I use vinegar to clean up my spokes and other galvanized parts.  Just cleaned these up yesterday.  Left these in vinegar for 4 days then lightly ran them on the wire wheel, polished them up and this is the result.  Not perfect, which wasn't expected because they were pretty bad, but good enough for my Rollfast prewar project.


----------



## Duchess (Dec 30, 2014)

Salt water will age anything.


----------



## rollfaster (Dec 30, 2014)

Duchess said:


> Salt water will age anything.




I agree. I use a salt water solution to age metal parts. Works great.


----------



## fordmike65 (Dec 30, 2014)

Anyone know how to age new stainless spokes? I have a rusty bike with rusty hubs but lacing to some Velocity Blunts.


----------



## Duck (Dec 30, 2014)

fordmike65 said:


> Anyone know how to age new stainless spokes? I have a rusty bike with rusty hubs but lacing to some Velocity Blunts.

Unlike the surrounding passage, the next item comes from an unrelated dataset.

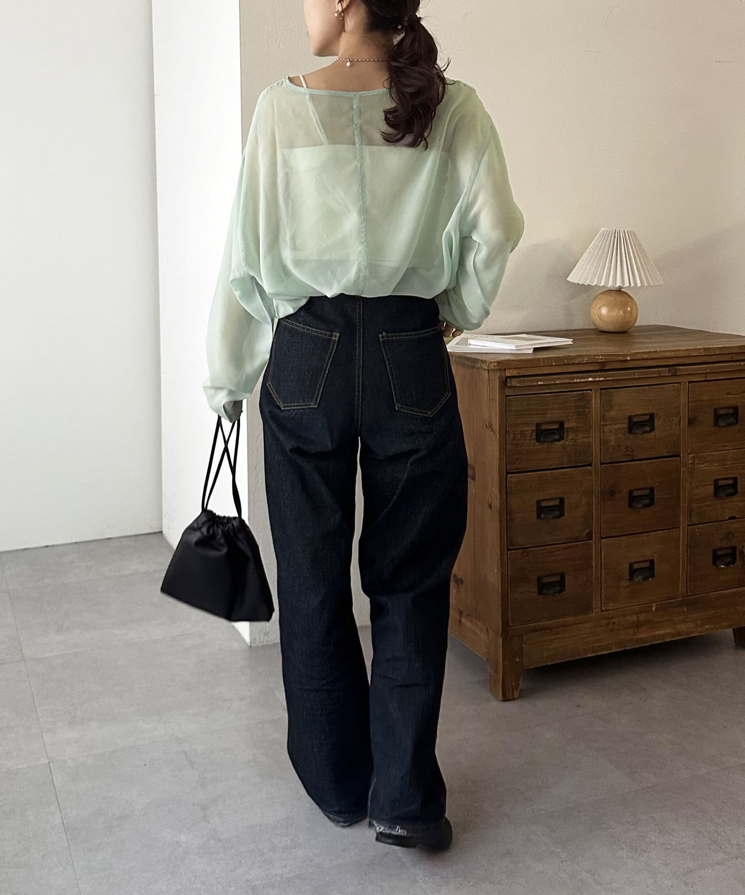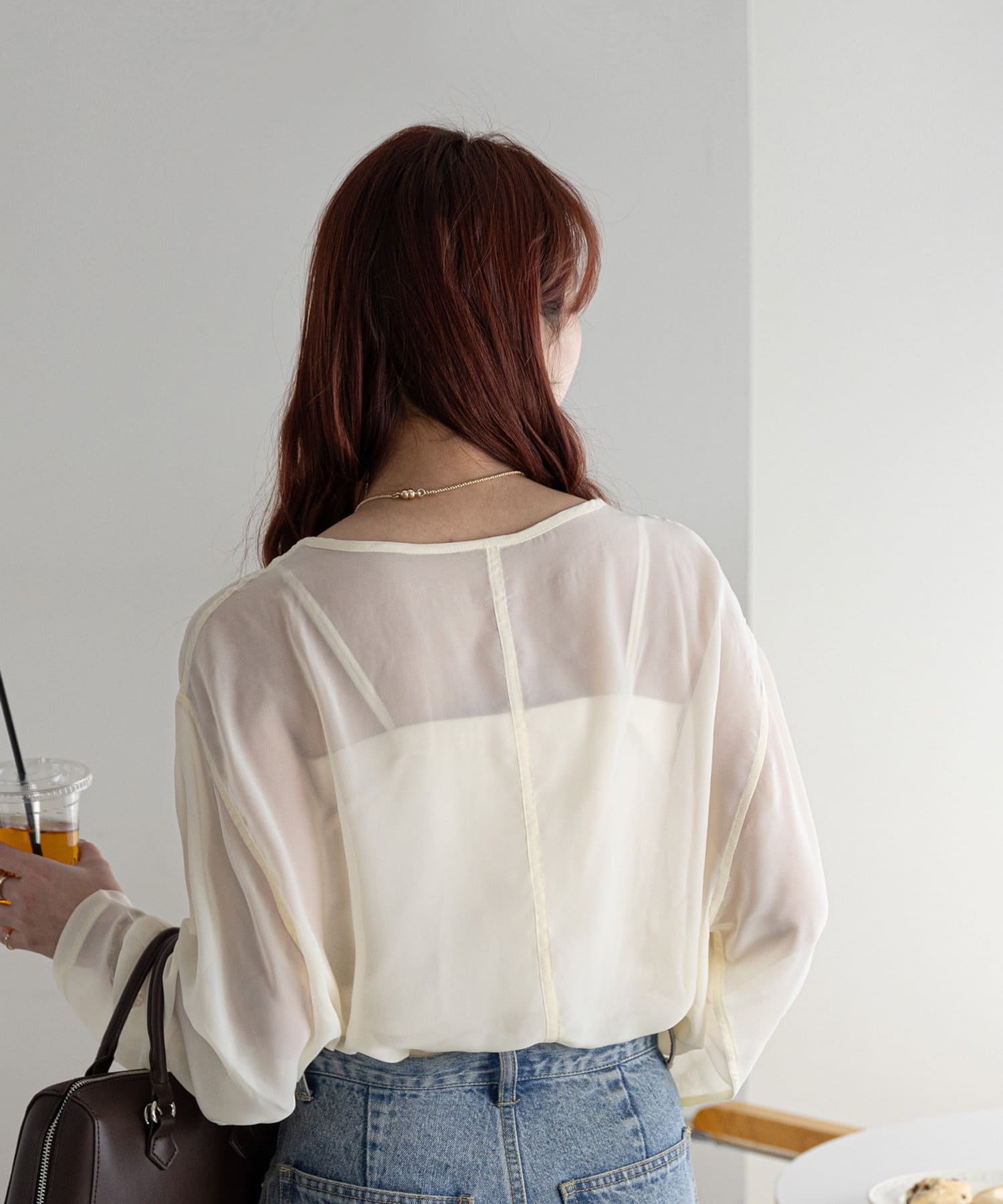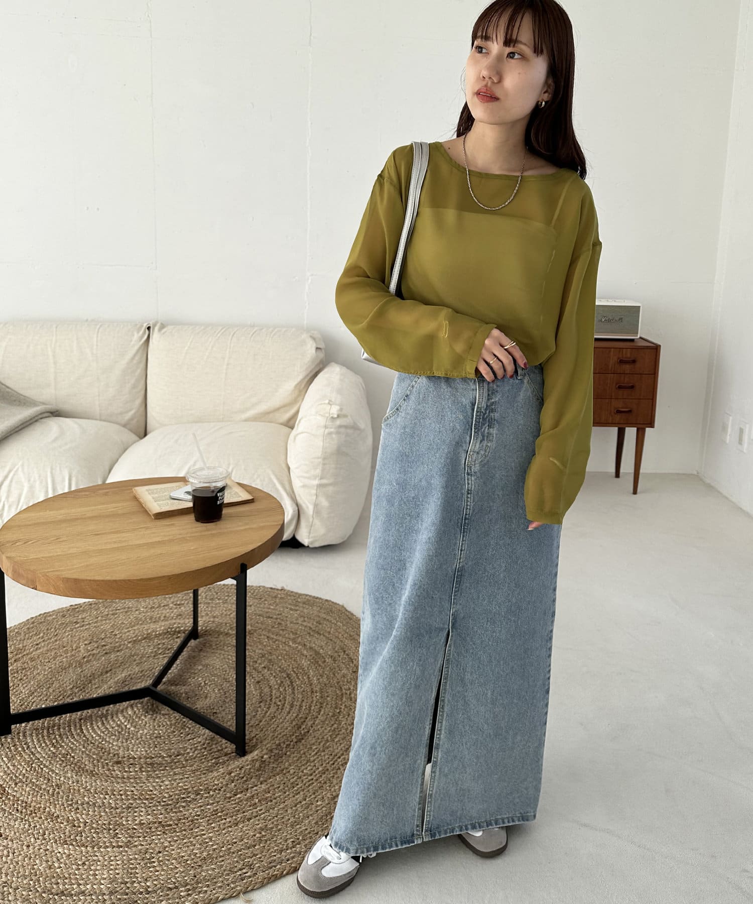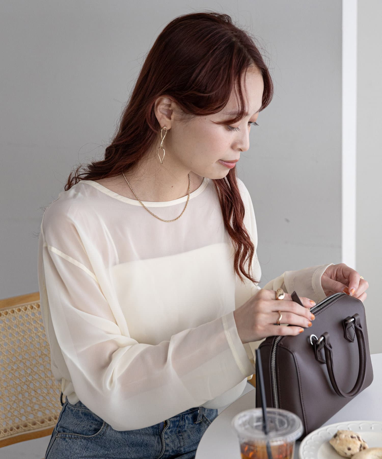 長袖でシアーのデザインが涼し気な雰囲気なので、ロングシーズン着て頂けます。

 I like my rat's to have bling wheels.


----------



## rustjunkie (Dec 30, 2014)

fordmike65 said:


> Anyone know how to age new stainless spokes? I have a rusty bike with rusty hubs but lacing to some Velocity Blunts.




http://www.sculptnouveau.com/Details.cfm?ProdID=78&category=6

http://www.janapatina.com/otherprocess.htm


----------



## eeapo (Jan 3, 2015)

Spokes on rims is that what they looked like before


----------